Traceable and verifiable means that you know where your data came from and have confidence that it’s accurate. This is called “data lineage.” Again, it’s something that developers didn’t worry about a few years ago (and many still don’t today because it’s not in their culture), but it’s increasingly important to be able to trace your data to its source, and to know that the source is reliable. Knowing your data’s source is particularly important for AI projects. If your application is trained on bad data, it will give you bad results. If it’s trained with biased data, you’ll get biased results. And if someone can corrupt your data before you use it, they—not you—control what your AI application can do.
Organizations need an information architecture that is modern and open by design: flexible, not tied to any one vendor, and capable of working in public clouds, private clouds, and on your own on-premises investment.
Once you’ve internalized the importance of the phrase “You can’t have AI without IA” you’ll understand that in order to become ready for AI, your organization is going to have to do a wholesale reinvention of itself. If that sounds to you like a pretty tall order, you’re right. It is. That’s where the AI Ladder comes in.
The AI Ladder
We often hear how clients struggle with their skills, and struggle with how to get a quick win with AI. According to Ritika Gunnar, VP of IBM Data and AI, the AI Ladder is a framework to help organizations build an information architecture, and ultimately determine where they are in their AI journey. It’s a model for how we talk to clients about their data maturity, looking at how they collect, organize, and analyze data, and ultimately infuse AI throughout their organization.
The AI Ladder is a unified, proven methodology that leaders can use to overcome the challenges we’ve discussed and accelerate their journey. The idea is that there are “rungs” along the way to a complete transformation, where AI has been scaled throughout every part of the organization.
Note
We acknowledge that our metaphor is not exact. A person with two legs can only stand on one or two rungs of a ladder at the same time, and needs to climb the rungs of a ladder in sequential order. The AI Ladder isn’t exactly like that.
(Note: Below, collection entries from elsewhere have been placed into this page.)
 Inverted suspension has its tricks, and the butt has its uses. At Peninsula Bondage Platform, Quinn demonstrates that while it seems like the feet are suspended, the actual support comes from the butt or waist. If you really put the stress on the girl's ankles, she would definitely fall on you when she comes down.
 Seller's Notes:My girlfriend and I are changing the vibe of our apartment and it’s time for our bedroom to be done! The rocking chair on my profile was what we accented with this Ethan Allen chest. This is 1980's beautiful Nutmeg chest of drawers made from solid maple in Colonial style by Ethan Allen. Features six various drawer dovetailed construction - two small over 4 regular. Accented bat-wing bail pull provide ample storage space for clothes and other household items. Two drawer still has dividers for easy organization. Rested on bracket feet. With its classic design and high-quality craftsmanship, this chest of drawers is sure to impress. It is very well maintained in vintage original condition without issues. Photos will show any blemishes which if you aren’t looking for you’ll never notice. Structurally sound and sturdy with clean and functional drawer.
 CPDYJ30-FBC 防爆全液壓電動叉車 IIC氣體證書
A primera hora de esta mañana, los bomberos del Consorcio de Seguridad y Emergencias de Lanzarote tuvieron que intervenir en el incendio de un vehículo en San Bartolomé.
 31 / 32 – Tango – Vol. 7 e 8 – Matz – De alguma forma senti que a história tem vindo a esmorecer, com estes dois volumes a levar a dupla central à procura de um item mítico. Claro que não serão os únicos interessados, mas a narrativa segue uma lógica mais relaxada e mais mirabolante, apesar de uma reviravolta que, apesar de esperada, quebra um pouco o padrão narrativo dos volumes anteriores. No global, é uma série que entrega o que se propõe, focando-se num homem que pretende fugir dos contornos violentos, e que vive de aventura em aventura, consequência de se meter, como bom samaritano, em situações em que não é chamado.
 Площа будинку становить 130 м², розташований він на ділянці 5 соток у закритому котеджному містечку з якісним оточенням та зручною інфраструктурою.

Although there is a logical order to the “rungs,” adopting this approach doesn’t necessarily have to be a linear journey. You can start anywhere and build your ladder incrementally, assembling it as you might put together a jigsaw puzzle. The important thing to grasp is that this is a framework by which you can understand the steps involved in reinventing your organization. The best part about this framework is that once it’s in place and practiced, subsequent AI projects get easier and easier, which allows you to expand the impact of AI across your enterprise.
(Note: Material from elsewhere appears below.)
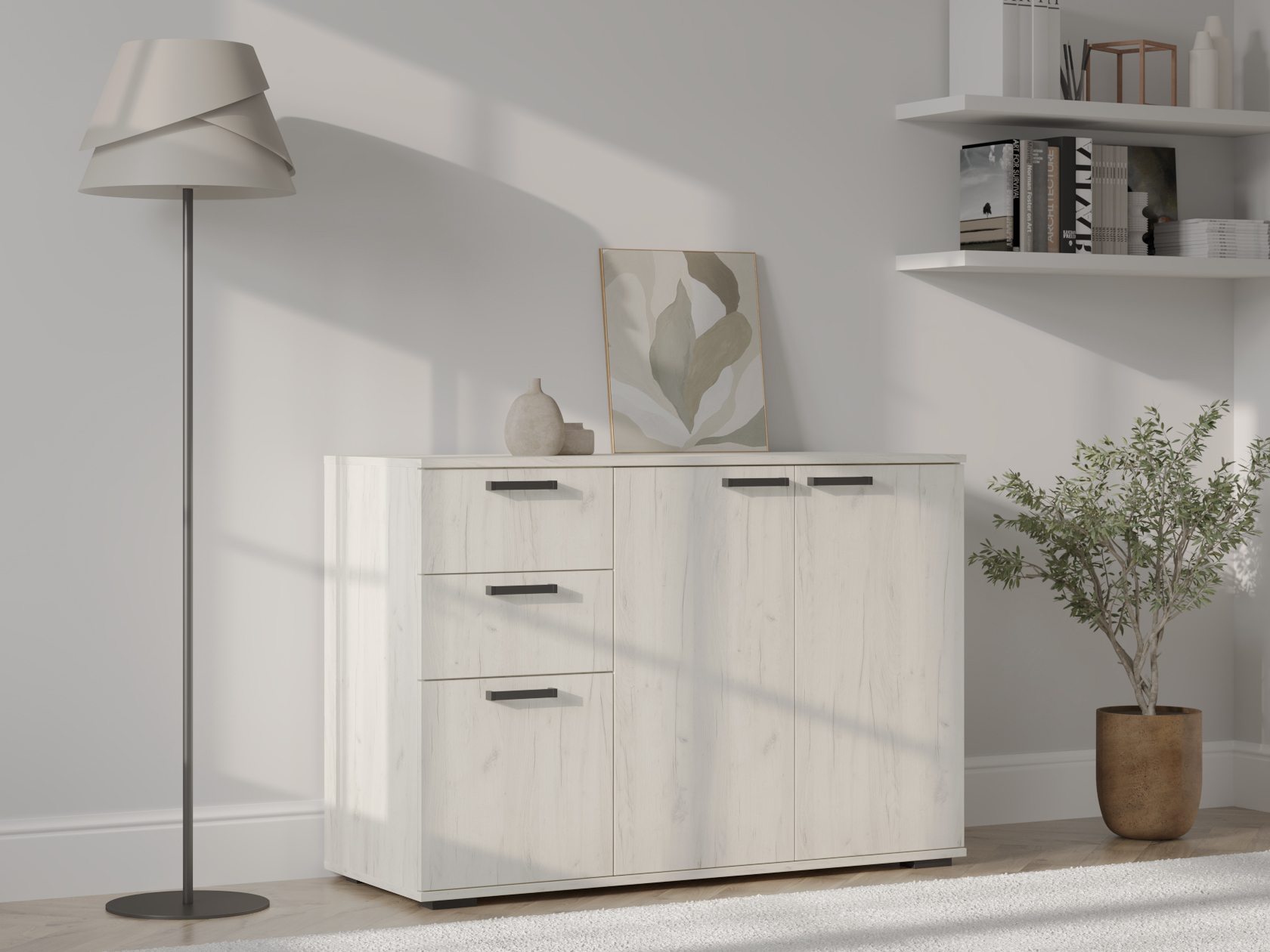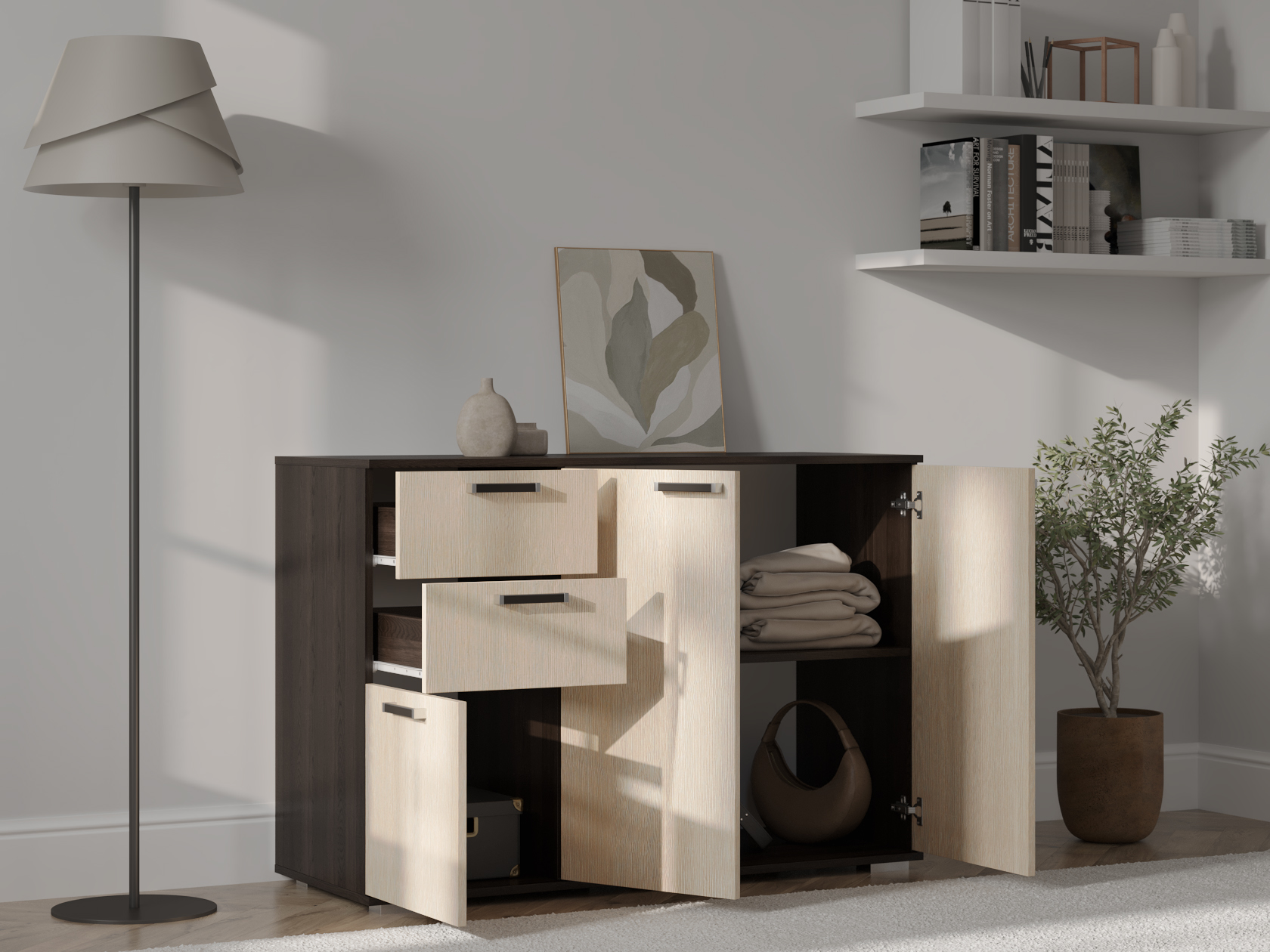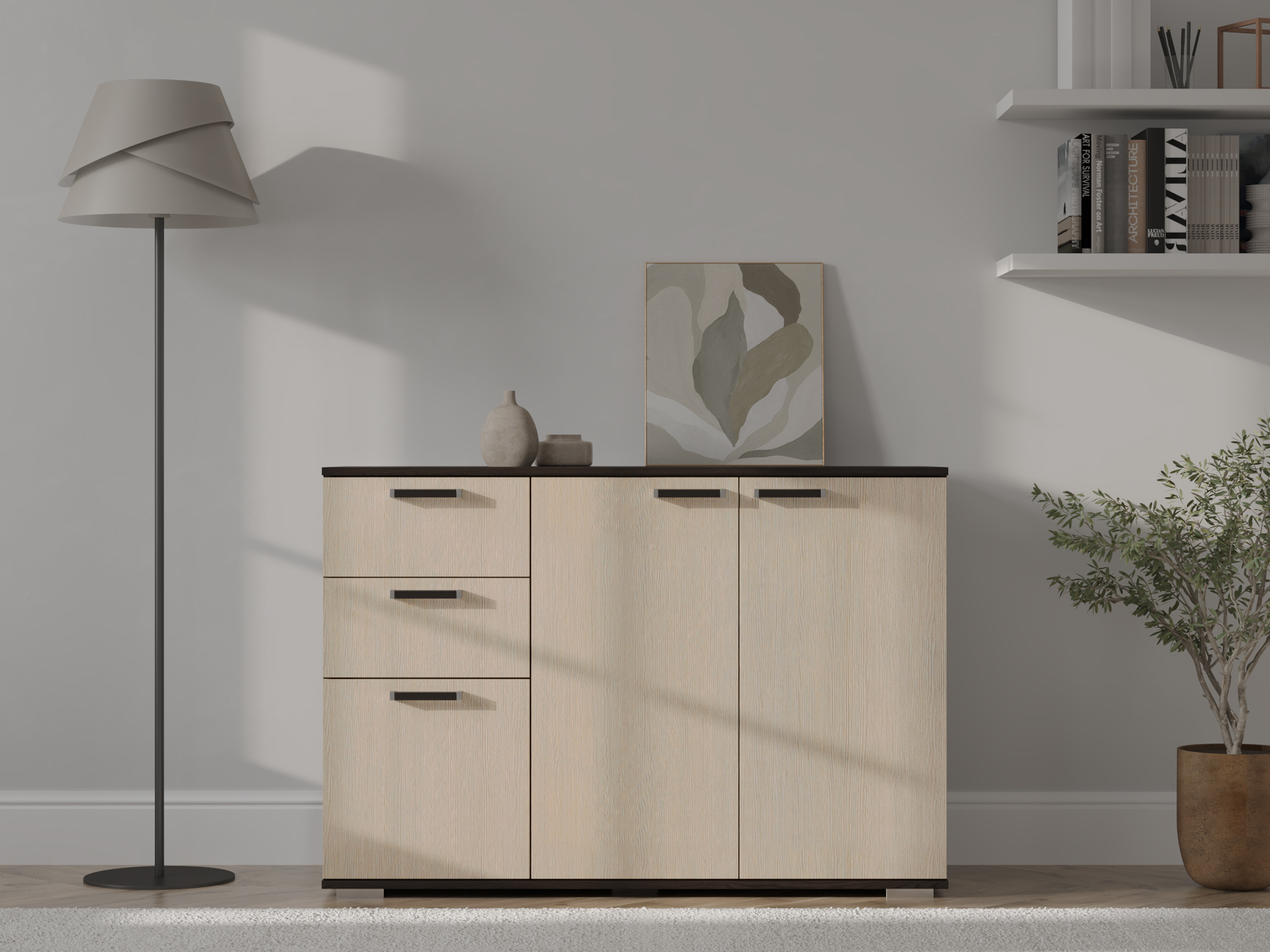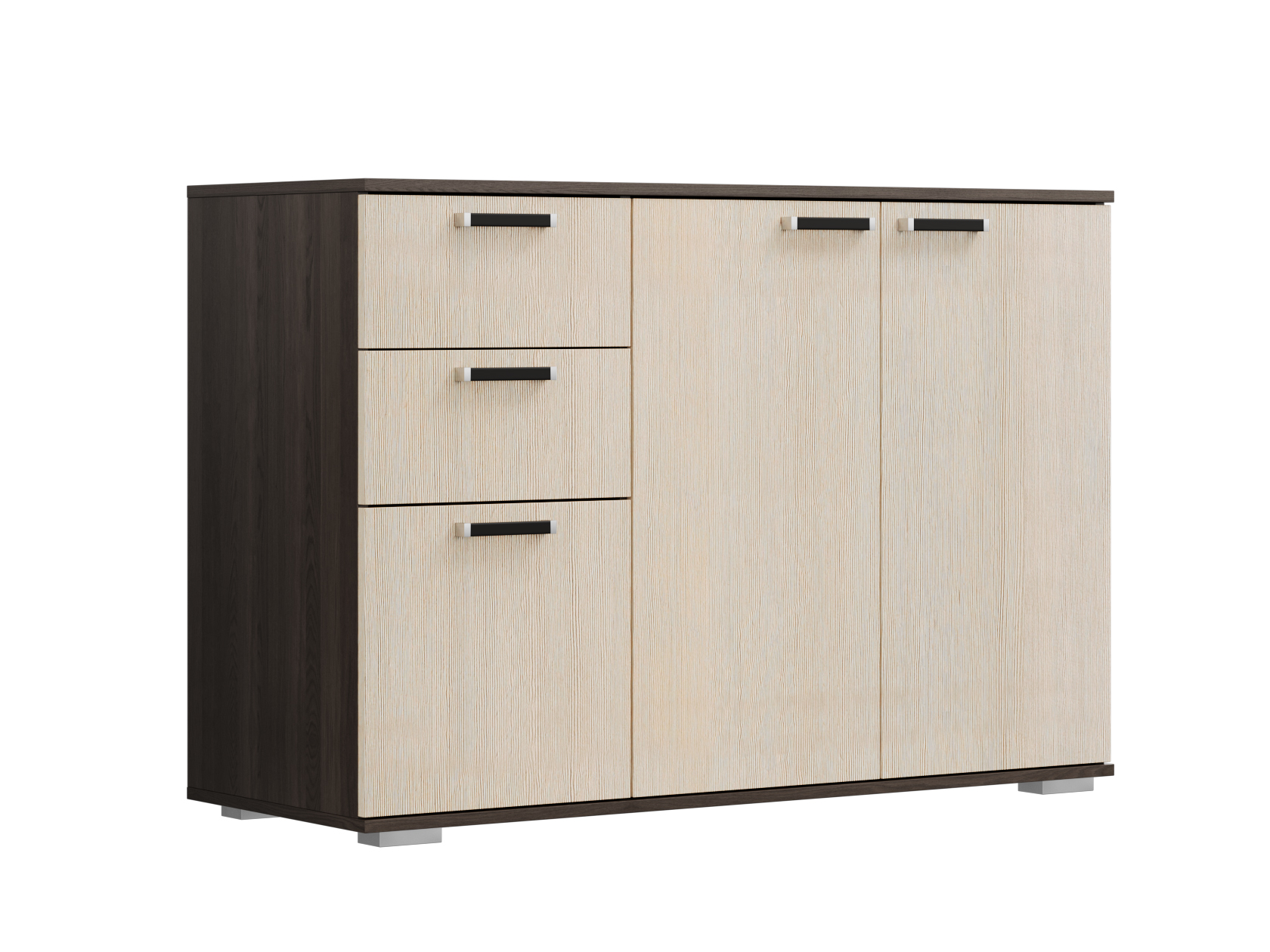 Комод Стандарт 3 — удачное решение для меблировки. Выдвижные ящики помогут аккуратно расположить разные мелочи, а за дверцами поместятся более объемные предметы гардероба, документы или детские игрушки. Уютный дизайн в приятных древесных оттенках легко интегрировать в современные интерьерные стили.

The AI Ladder provides guidance in four key areas, illustrated in Figure 4-2:
How to collect data
How to organize data
How to analyze data
How to infuse AI throughout the organization
How does information architecture relate to the ladder? It’s something you’ll build along the way. It doesn’t make sense to collect data unless you can store it effectively, and you’ll certainly need to clean your data before you can do anything truly useful with it. But if you think this means putting together a substantial infrastructure full of complex tools for data governance and provenance before you can get started, you aren’t likely to get started. Again, begin with a small project. As that project unfolds, you’ll start to see what’s needed and can begin building your data infrastructure. Then, when you tackle a big project, you’ll find that you’ve already done much of the work, and in addition you’ve practiced and refined your skills.
Collect
Collecting data simply means gathering and storing it. Collect data of every type, regardless of where it resides, enabling flexibility in the face of ever-changing data sources. Make accessing the data simple. Get data out of corporate silos and be aware of public data sources that may be useful. Find out what data you need but don’t have, and make plans to get it; your company may be discarding important data because nobody has thought about how to use it (like log files from servers). Make the data as broadly accessible as possible, subject to regulation and your own internal policies (which may need to change); democratizing access to data often leads to new insights. Enable people to work with data; don’t put up barriers or leave preexisting barriers standing.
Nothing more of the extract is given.